• ASSIGNMENT:
Every line in the data below from the one containing "- Nêu được vai" down to the one containing "協(xié)會這個郵件的標題", both included, must be retyped exactly; no other line is to appear.

• EXCERPTED RECORDS:
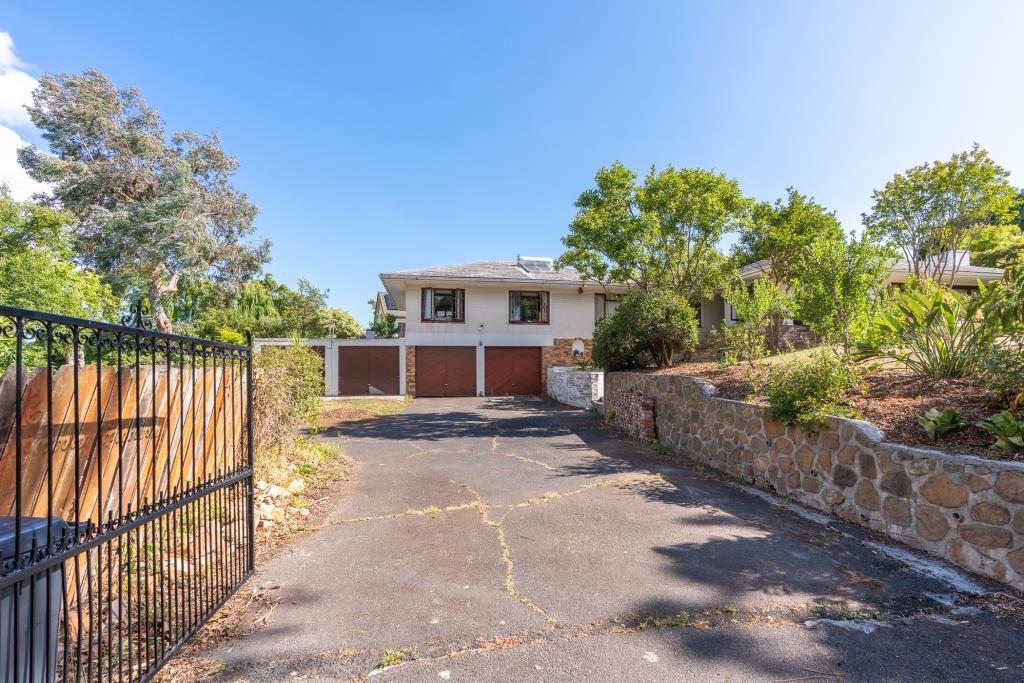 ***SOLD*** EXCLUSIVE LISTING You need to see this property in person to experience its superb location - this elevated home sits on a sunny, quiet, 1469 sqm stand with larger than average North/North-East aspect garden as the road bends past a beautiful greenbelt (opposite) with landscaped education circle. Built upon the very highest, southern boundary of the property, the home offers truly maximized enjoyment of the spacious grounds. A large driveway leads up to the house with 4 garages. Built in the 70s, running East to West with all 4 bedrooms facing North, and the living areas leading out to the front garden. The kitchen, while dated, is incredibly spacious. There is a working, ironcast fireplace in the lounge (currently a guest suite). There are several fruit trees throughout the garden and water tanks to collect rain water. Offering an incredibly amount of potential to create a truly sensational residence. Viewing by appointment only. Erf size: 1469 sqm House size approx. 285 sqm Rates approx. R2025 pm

---

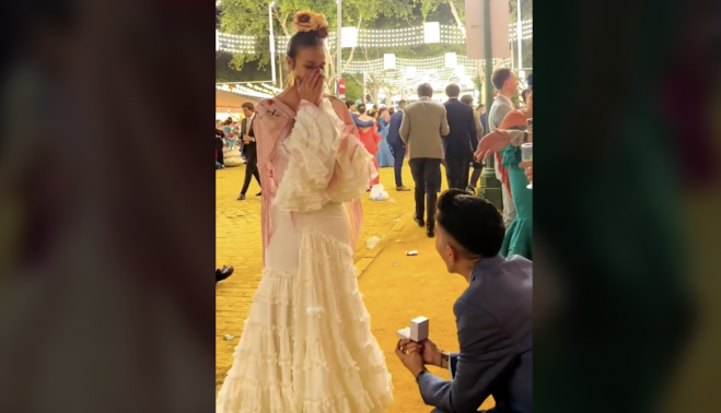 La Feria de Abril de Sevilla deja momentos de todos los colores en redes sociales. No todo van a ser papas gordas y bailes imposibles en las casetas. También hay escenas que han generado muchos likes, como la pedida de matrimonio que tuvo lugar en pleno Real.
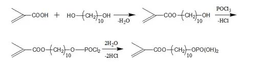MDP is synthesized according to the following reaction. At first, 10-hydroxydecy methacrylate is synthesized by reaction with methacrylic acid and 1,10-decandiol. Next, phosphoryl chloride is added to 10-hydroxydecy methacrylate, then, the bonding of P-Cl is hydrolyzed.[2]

---

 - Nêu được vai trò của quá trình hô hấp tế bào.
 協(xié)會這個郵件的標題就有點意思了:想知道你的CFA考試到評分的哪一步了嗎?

• RESPONSE:
 - Nêu được vai trò của quá trình hô hấp tế bào.
 協(xié)會這個郵件的標題就有點意思了:想知道你的CFA考試到評分的哪一步了嗎?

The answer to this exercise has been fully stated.